The conference committee is due to report by Feb. 29, and — if all goes as planned — Congress will vote up or down (no amendments) on its recommendations. Insiders say Congress may actually deliver this year (it failed to follow a similar script in 2011) because the current payroll tax reduction and extension of unemployment benefits are also at stake. And this is an election year.
The fed-related plan getting the most attention would, if approved, base annuities of feds retiring in the future (probably Jan.1, 2013) on their highest five-year average salary. Under current law, annuities are based on the employees’ highest three-year average salary.
Many people have said that the change would have a minimal impact on the annuities of people retiring in the future — especially if the pay-raise freeze continues. They say that people could get their higher benefit (under the high-five system) by working a little longer. True, in some cases …
But for some people, moving to the high-five would be semi-catastrophic. They would get a lot less than they planned and felt they were promised. In yesterday’s column we used the example of John, a long-time fed who ran his own numbers and said switching to the high-five would reduce his starting FERS benefit by $2,248. While his example is accurate, his situation isn’t typical. Whereas he’s planning on an annual starting benefit of $47,750, the average FERS retiree now gets a civil service benefit of $12,780, and the typical CSRS retiree today gets about $35,000.
So what would a switch from a high-three to a high-five calculation do to the average fed? We turned to the expert, Tammy Flanagan. She is a columnist for Government Executive magazine and works with the National Institute of Transition Planning. She was our guest on Wednesday’s Your Turn show.
She crunched the numbers for a more typical fed. See how close this comes to your situation:
“… For most employees under FERS, the difference wouldn’t be as much as it is in John’s example. He … has a good point and he’s done the math for his own situation. To have a $200 per month difference in his FERS annuity between the high-five and high-three has to mean that he has had some major pay adjustments… such as a big promotion or several step increases in the past five years. It wouldn’t be that big of a difference for most employees if it took effect in the next year or so. Let’s say that an employee has been a GS 12 step 10 for the last 5 years … here’s their salaries for each year:
2012 – $97,333
2011 – $97,333
2010 – $97,333
2009 – $95,026
2008 – $90,698
If they retire on December 31, 2012… their high-three average would be $97,333 and their high-five average would be $95,544.
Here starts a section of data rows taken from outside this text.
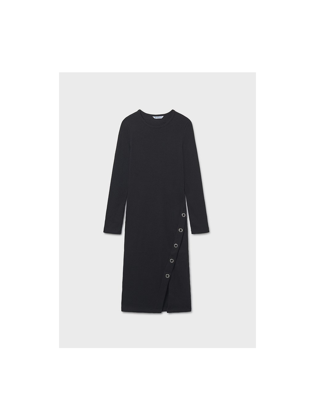 Mayoral dívčí pohodlné bavlněné šaty na každodenní nošení. Šaty jsou z velmi příjemného žebrovaného materiálu, u krku mají kulatý výstřih a ve spodní části je rozparek. Délka šatů je pod kolena.
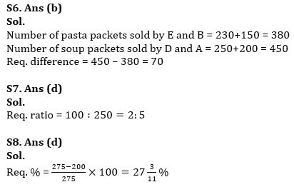 Q6. Find the difference between sum of number of pasta packets sold by E and B together and sum of number of soup packets sold by D and A together.
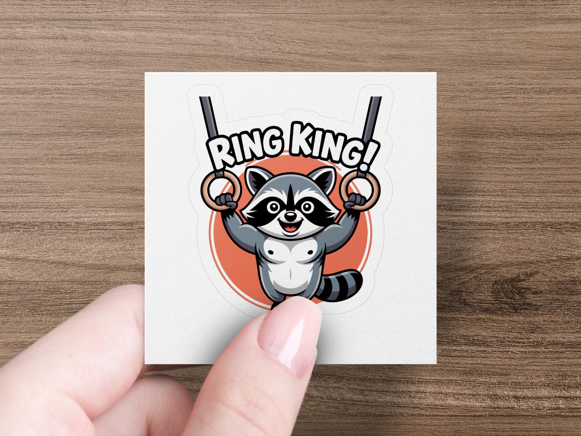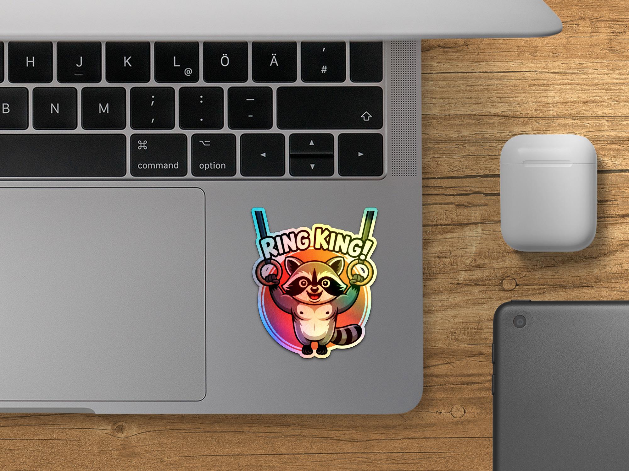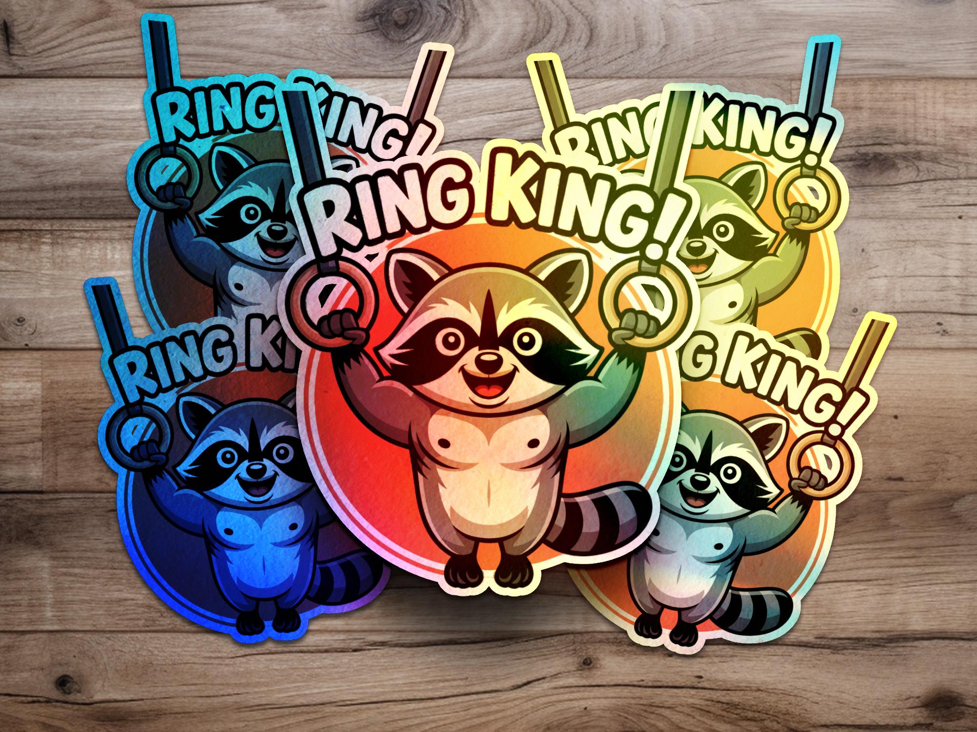 Add a touch of humor and personality to your belongings with this adorable "Ring King" raccoon sticker. This fun decal features a cute cartoon raccoon mastering the gymnastics rings, making it a perfect gift for gymnasts, animal lovers, or anyone who appreciates a good laugh. Stick it on your laptop, water bottle, phone, or any other smooth surface to showcase your unique style.

If they had 30 years under FERS, their benefit would be $29,199 using the high-three and $28,663 using the high-five — A difference of $536 per year or $44.66 per month
If they had 30 years under CSRS, their benefit would be $54,749 using the high-three and $53,743 using the high-five — A difference of $1,005 per year or $83.79 per month
This isn’t huge … but the problem would be if Congress begins granting annual pay adjustments of 3 – 6 percent as they used to do… then you’re looking at a much bigger difference. Also… an employee who gets promoted during that five years and may also have a step increase… that could make a bigger difference as well.
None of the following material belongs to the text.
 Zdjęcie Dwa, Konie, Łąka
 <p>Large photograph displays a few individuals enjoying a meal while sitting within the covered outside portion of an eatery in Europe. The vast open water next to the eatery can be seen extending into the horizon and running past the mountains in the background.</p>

Let’s see if they were promoted during that same time from a GS 11, step 10 to a GS 12, step:
2012 GS 12, step 7: $89,846
2011 GS 12, step 7: $89,846 (quality step increase for good performance)
2010 GS 12, step 6: $87,350
2009 GS 12, step 6: $85,281 (6 months = $42,640)
2009 GS 11, step 10: $79,280 (6 months = $39,640)
2008 GS 11, Step 10: $75,669
Now… the high-three = $89,014 (30 years under FERS= $26,704 and 30 years under CSRS = $50,070) and the high-five = $84,998 (30 years under FERS = $25,449 and 30 years under CSRS = $47,811)
Now the difference is $1,255 per year ($104.58 per month) for the FERS employee and $2,259 per year for the CSRS employee ($188.25 per month)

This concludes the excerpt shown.